모델 서버는 `KServe Predict Protocol Version 2 - HTTP/REST <https://github.com/kserve/kserve/blob/master/docs/predict-api/v2/required_api.md#httprest>`_
를 따르고 있으므로 더 자세한 정보는 링크에서 찾아볼 수 있다.

.. list-table:: Endpoints of KServe Predict Protocol Version 2
   :widths: 50 50
   :header-rows: 1

   * - Method and Endpoint
     - Description
   * - GET /v2/health/live
     - 서버가 요청을 처리할 수 있는 상태면 HTTP 상태 Ok 리턴 (Kubernetes livenessProbe에 해당)
   * - GET /v2/health/ready
     - 모든 모델이 추론 작업을 위한 준비가 되면 HTTP 상태 Ok 리턴 (Kubernetes readinessProbe에 해당)

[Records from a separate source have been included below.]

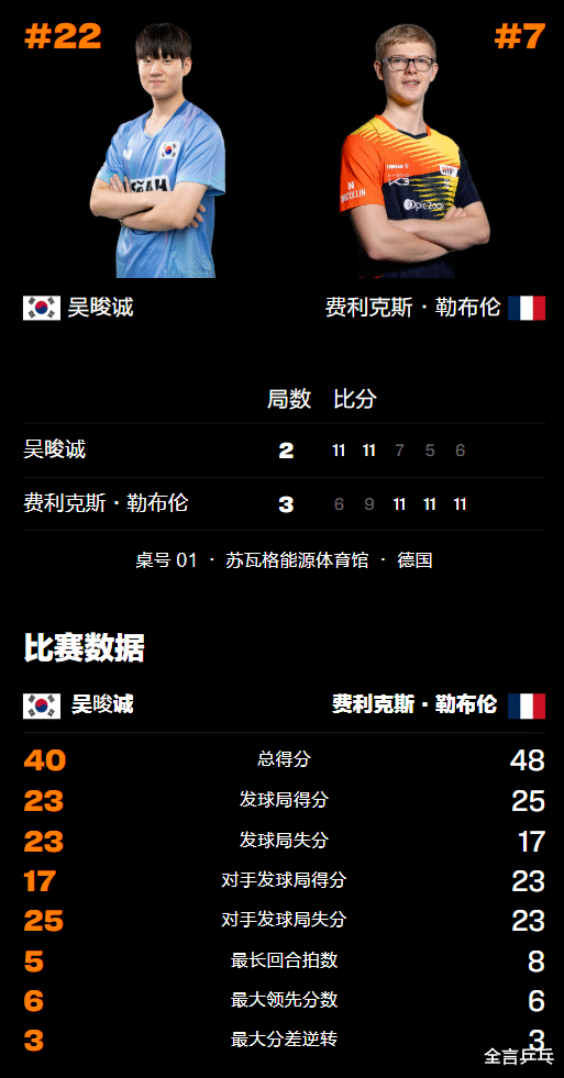 吴晙诚与小勒布伦同岁,曾在去年亚锦赛上打败王楚钦等人拿到男单铜牌,不过在各方面都难以与小勒布伦争雄,过去两次交手都是2-4落败,但这次在法兰克福的表现可圈可点。
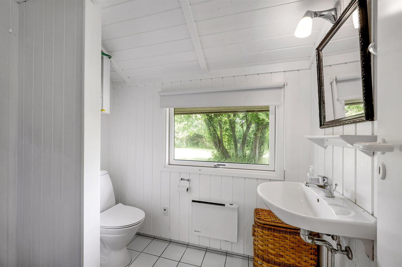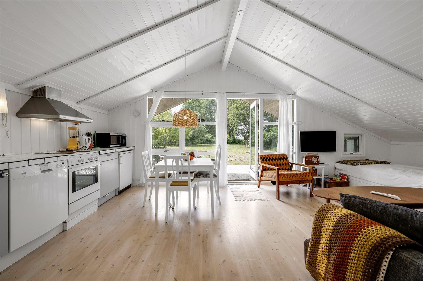 Huset er lyst med et åbent køkken i forbindelse med spiseplads og stue, og herfra er udgang til den overdækkede terrasse og haven. Der er 1 soveværelse med dobbeltseng og en alkove i stuen med 2 sovepladser. Badeværelset er med bruseniche og gulvvarme.
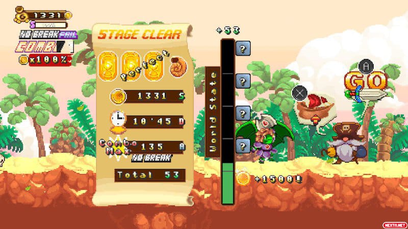 Directamente empezamos pudiendo elegir a uno de los cuatro personajes, que podemos cambiar cada vez que empecemos una nueva pantalla (a menos que continuemos de una a otra sin pasar por el menú). Más allá del aspecto visual y su elección de arma, las diferencias entre unos y otros son testimoniales, por lo que elegid el cazarrecompensas que más os guste. Un primer nivel nos hace de tutorial gracias a los consejos de un peculiar pirata que nos echa un cable para enfrentarnos a nuestro primer boss y a partir de ahí nos topamos con el mapa de nuestra aventura: cuatro islas diferenciadas (solo desbloqueada la primera), con unos cuantos niveles cada una. Una veintena de fases que se antojan pocas si las comparamos con otros títulos plataformeros, pero que esconden un reto suficientemente importante en lo que a dificultad respecta.
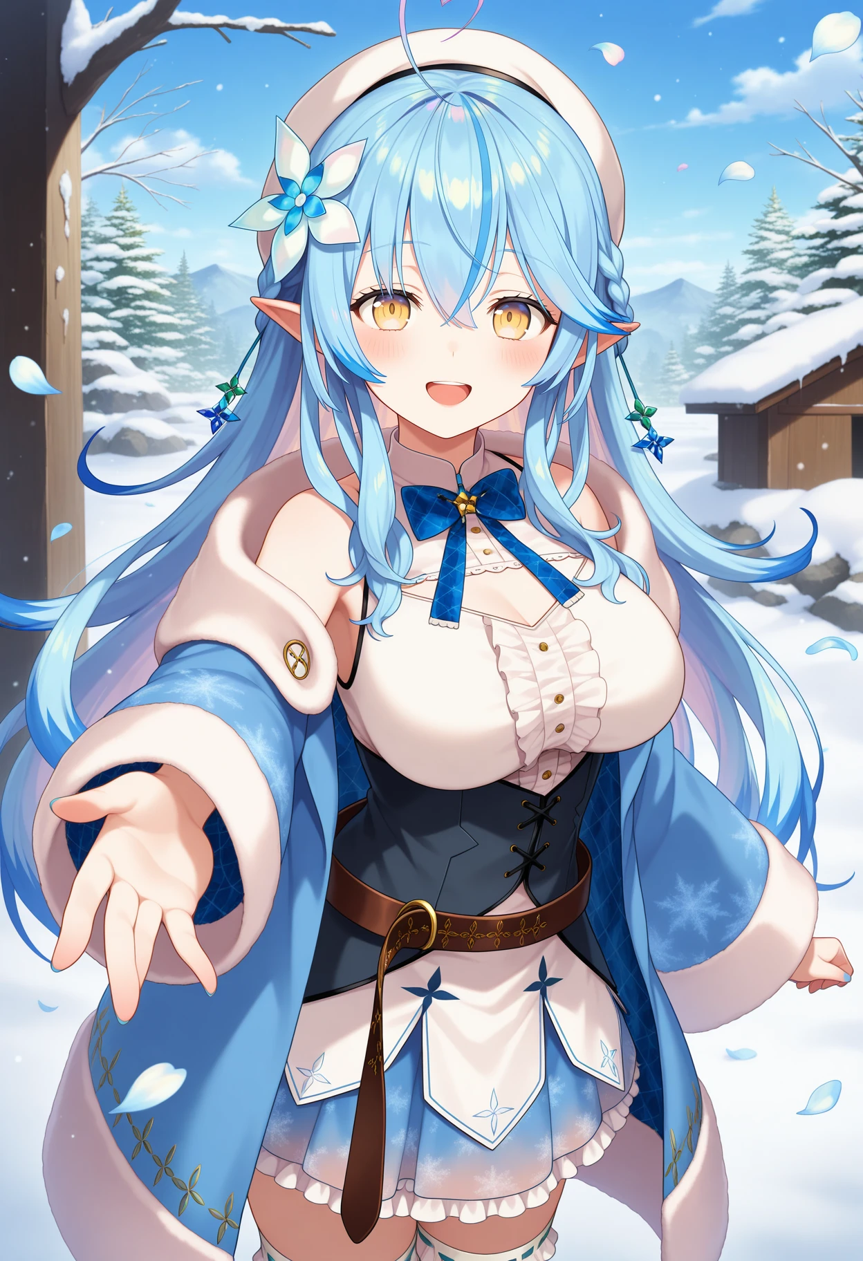 outfit1-1aalamy, long hair, blue hair, ahoge, braid, beret, white headwear, hair flower, hair ornament, pointy ears, yellow eyes, blue bowtie, clothing cutout, white shirt, sleeveless, off shoulder, blue coat, corset, brown belt, blue skirt, white thighhighs
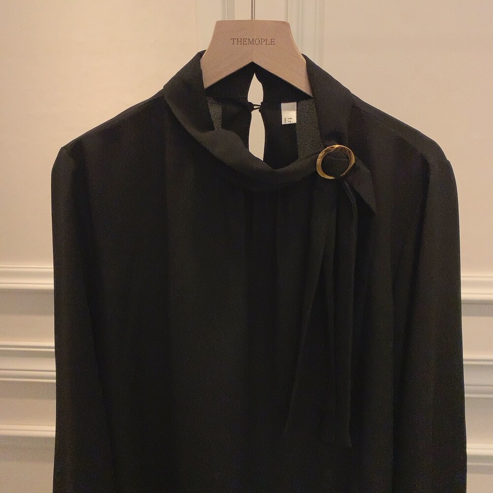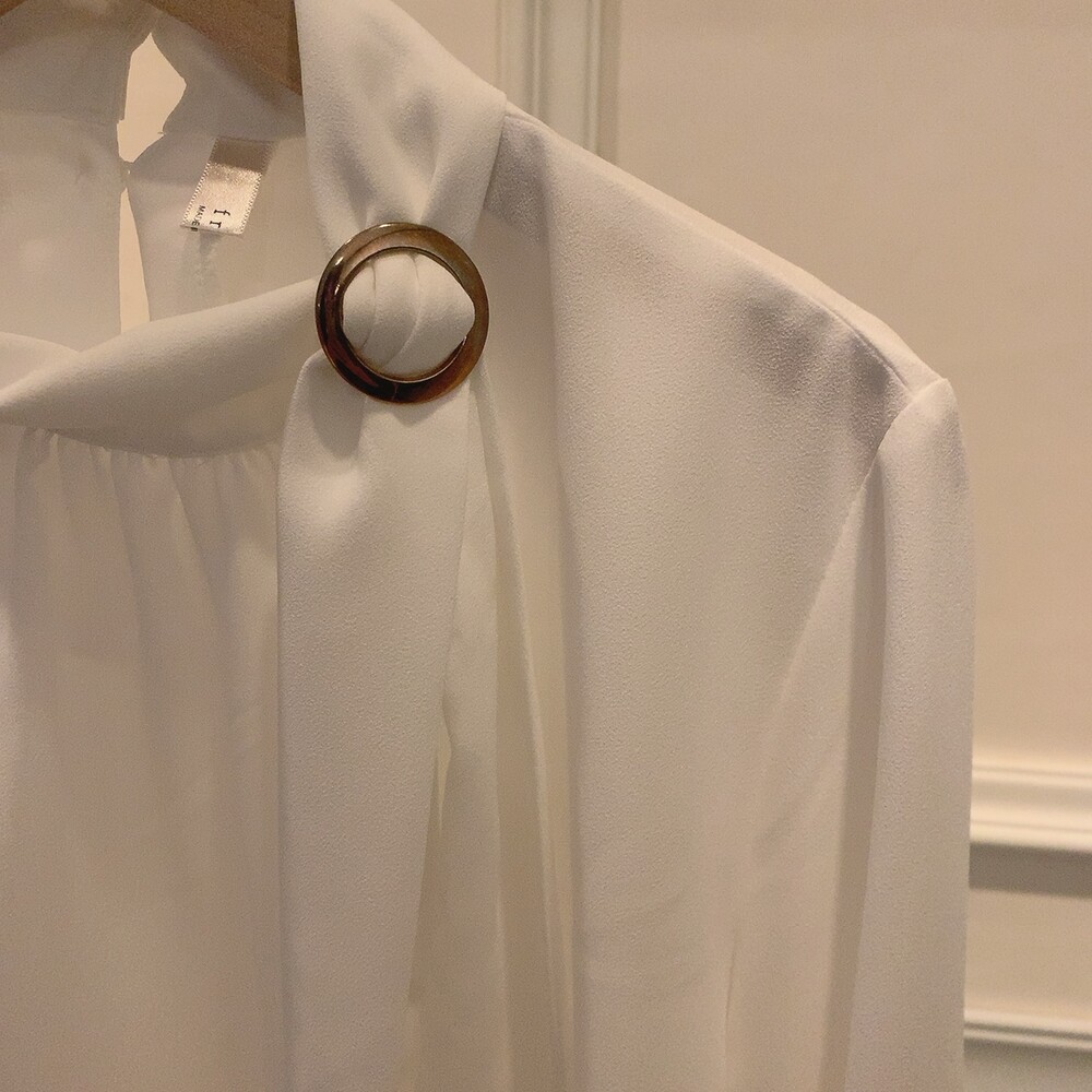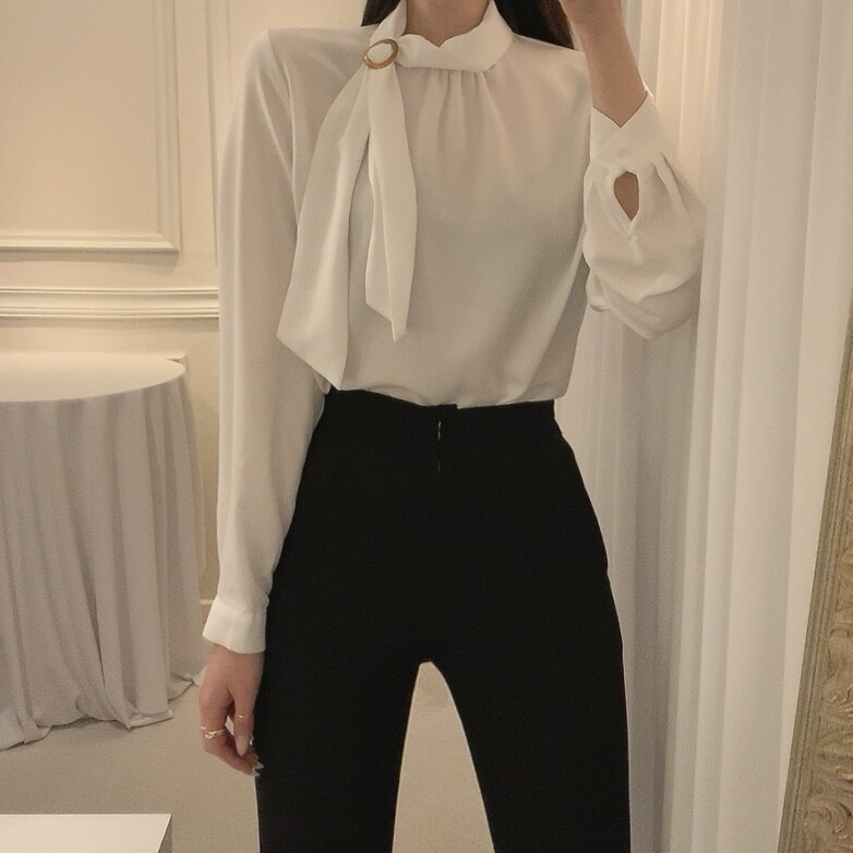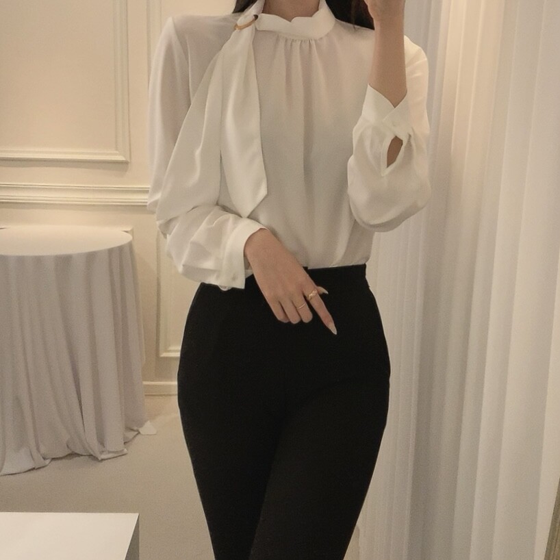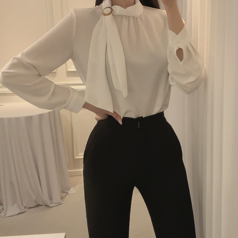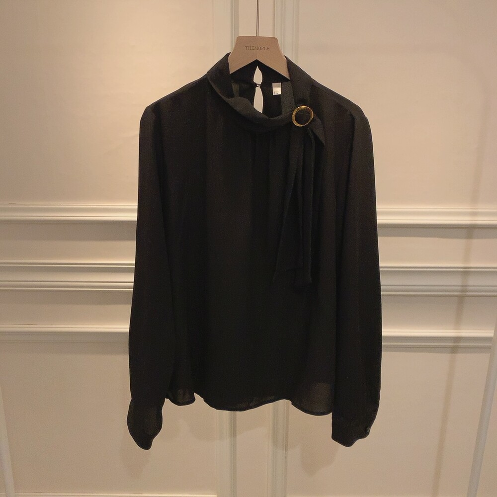 어깨 금장 타이 스카프 쉬폰 블라우스 (하객룩 오피스룩 아나운서룩)
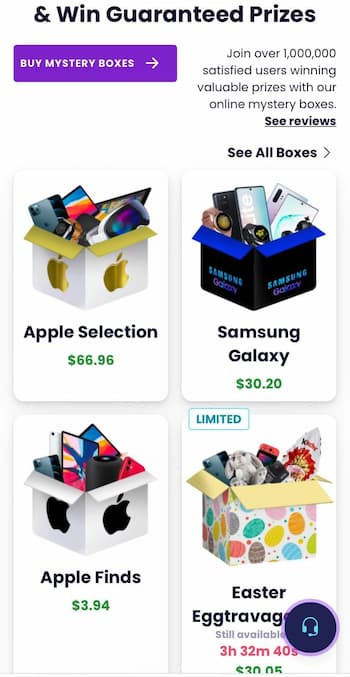 If you like surprises, you’ll love mystery boxes. You may encounter themed boxes, such as “Tech Surprise Box,” with visible prize previews before you open them.
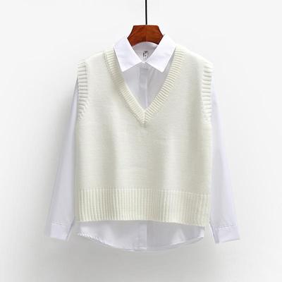 Spring and Autumn Korean Versatile V-neck Sweater Vest Women's Loose Fitting Student Sleeveless Knitted Camry Shoulder Knitted Cotton Vest
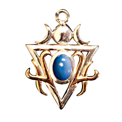 Αυτό το Φυλαχτό κόσμημα είναι από 925 Ασήμι με χρυσό 18 καρατίων και Μπλε Χαλκηδόνιο, πέτρα του θάρρους με τη δύναμη του συμβόλου του Δία για να αντιμετωπίζετε κάθε φόβο.
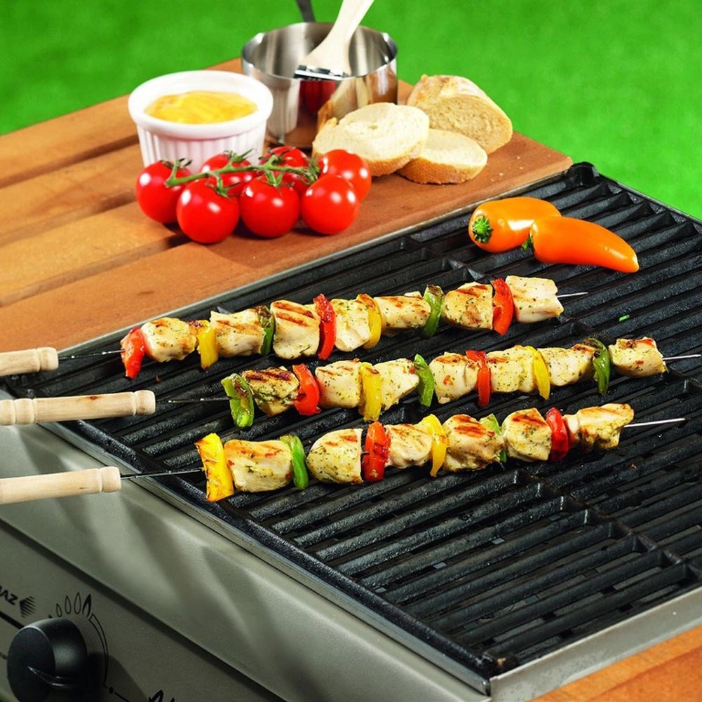 Kształt i zakończenie ograniczają zsuwanie się składników, dzięki czemu szaszłyki równomiernie się pieką i łatwo się obracają.
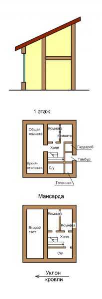 Если вас привлекает стиль минимализм, и вы хотите построить небольшой бюджетный дом, то деревянный коттедж с односкатной кровлей и мансардой будет самым экономичным решением.
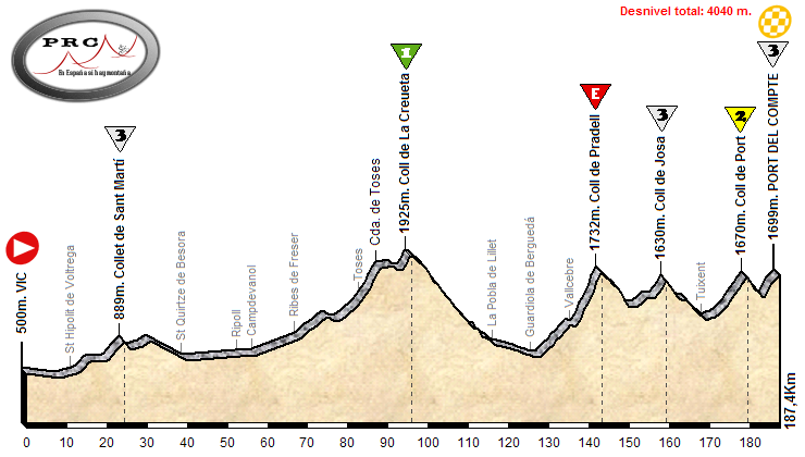 Con el fin de buscar la viabilidad económica de las etapas, la llegada la situamos en Port del Compte, la tercera estación de esquí tras la pequeña de Coll de Pal y la conocidísima de La Molina. La etapa en sí tiene tres partes claramente diferenciadas. Una primera zona más fácil para formar escapadas, donde solo se sube el Collet de Sant Martí  (y el  falso llano posterior hasta el Collet de Sant Agustí) antes de un largo tramo llano que nos lleva hasta Ribes de Fesser. Aquí comienza la segunda parte, con dos puertos de paso de entidad. El primero es el Coll de la Creueta, pero ascendiendo por la inédita vertiente que atraviesa el pueblo de Toses, lo cual endurece la subida porque entre este pueblo y la collada del mismo nombre hay 4,4 Km. al 8,7%, con largos tramos sostenidos por encima del 10%. Y tras este «calentamiento» llega Pradell por Vallcebre, siendo el tramo final de este puerto el mejor lugar para atacar de toda la jornada. De su cima hay 45 Km. hasta la meta, pero no dan respiro pues habrá que subir dos terceras y un segunda, de nuevo un terreno precioso para ver persecuciones si antes ha habido ambición por parte de los ciclistas.
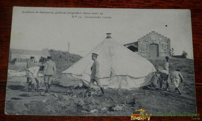 ANTIGUA POSTAL NUM. 23 LEVANTADO TIENDAS - ACADEMIA DE INFANTERIA DE TOLEDO, GABINETE FOTOGRAFICO 1912 - 1913 - PELAEZ - SIN CIRCULAR
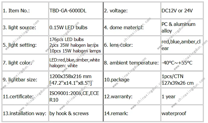 12 volt led & rotating vehicle emergency dome light bar for trucks TBD-GA-6000DL

   * - GET /v2/models/${MODEL_NAME}/versions/${MODEL_VERSION}
     - 모델 메타데이터 반환
   * - GET /v2/models/${MODEL_NAME}/versions/${MODEL_VERSION}/ready
     - 특정 버전의 모델이 추론 요청을 처리할 준비가 되었다면 HTTP 상태 Ok 리턴
   * - POST /v2/models/${MODEL_NAME}[/versions/${MODEL_VERSION}]/infer
     - 추론 요청